The K Smith Code. Kathryn Smith at Goodman
Sunday, January 13, 2008

Luminol is a chemical sometimes used in crime scenes to detect blood. When exposed to an oxidizing agent, in this instance the iron in blood, luminol exhibits chemiluminescence, a blue glow in the dark for approximately 30 seconds. A remarkable forensic tool, but seldom used as it tends to destroy the evidence it is exposing.
A similar process is at work in Kathryn Smith's In Camera, which opened last night at Goodman Cape Town. The major portion of the work was painted in UV inks on paper, invisible to the naked eye. At random intervals the lights shut down, after a few seconds of cloying pitch black UV lights switched on to reveal the paper not blank after all but covered in eerily glowing images. However, if after watching too much CSI or Medical Detectives one was expecting to be confronted by the distinctive blood splatters of a slit throat (left handed)

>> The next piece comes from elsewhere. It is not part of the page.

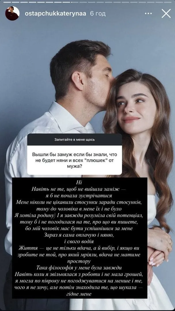 Катерина наголосила, що завжди адекватно оцінювала власний потенціал і прагнула бачити поруч із собою чоловіка, який перевершує її в досягненнях. За її словами, вона б не погодилася на сценарій життя без комфорту, про який писали підписники.

or at least a ghostly smeary handprint one would be well disappointed. Although clearly referencing this language, what is revealed is a little more horrifying, but not in the guts. What is revealed, painted accurately with the obscuring half-tone patterns of newsprint, are portraits and landscapes, left unexplained. Of course we are familiar with the language of victimhood from the media, and instinctively know that these geeky teenagers and bland landscapes are the sites of horrific violence. This realisation still isn't what makes the images horrible. Instead, it is the fact that the process of taking the
images and showing them, of taking the reality, converting it to image, being printed then found and converted into art, has drained them of anything frightening at all. They are bland, sapped of their strength. If they effect me it is on an intellectual level, the human response of compassion and fear is gone. Like the luminol, what is shown is destroyed.Outside of the main UV-lit room sat a series of colour photographs entitled Sad Sketches. Anyone familiar with the Da Vinci Code, will recognise the scene where Robert Langdon finds hidden clues in the paintings using a black light torch. Similarly, in these works, photographs of what one assumes are crime scenes, reveal text and images when one loans the black light torch from the gallery.

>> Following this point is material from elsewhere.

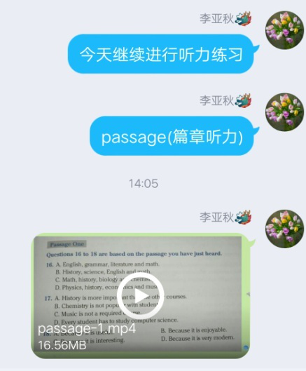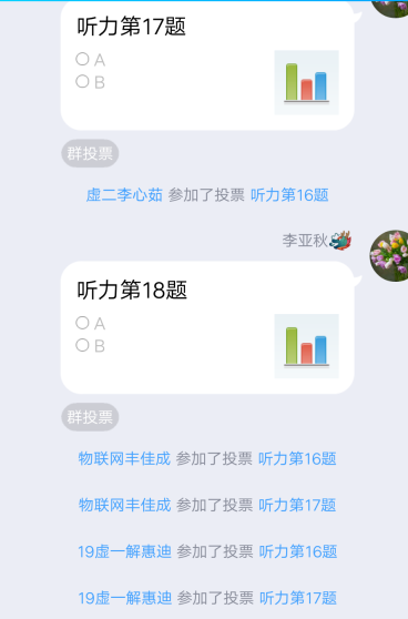 2.任课教师发布录制视频、课文内容和音频到QQ群,让学生观看学习,并在QQ群里提问、讨论、答疑。听力练习时,利用QQ投票功能让学生选择答案,了解学生的作答情况并有针对性地进行讲解。

It is my theory that the Da Vinci Code became so popular because it affirms the world is a big conspiracy. With the onset of the information age, when we are faced by many signs and much data, some hidden and some exposed, which is largely incomprehensible, we try and pick out some meaning from it, try to piece it all together into a coherent narrative. I believe it a human impulse, to make stories. A conspiracy is the most direct and simplest way of putting it all together. And we love the thrill of solving the clues.In Camera will be a popular show because it, like the Da Vinci Code, shows us clues, hidden meanings and secrets, which we desperately will try and piece together and that's fun. But unlike the Da Vinci Code, there will be no easy bloodline solution, no conspiracy, instead we are just faced with the bleakness, and bland violence, of the world around us. And that's why it won't sell millions.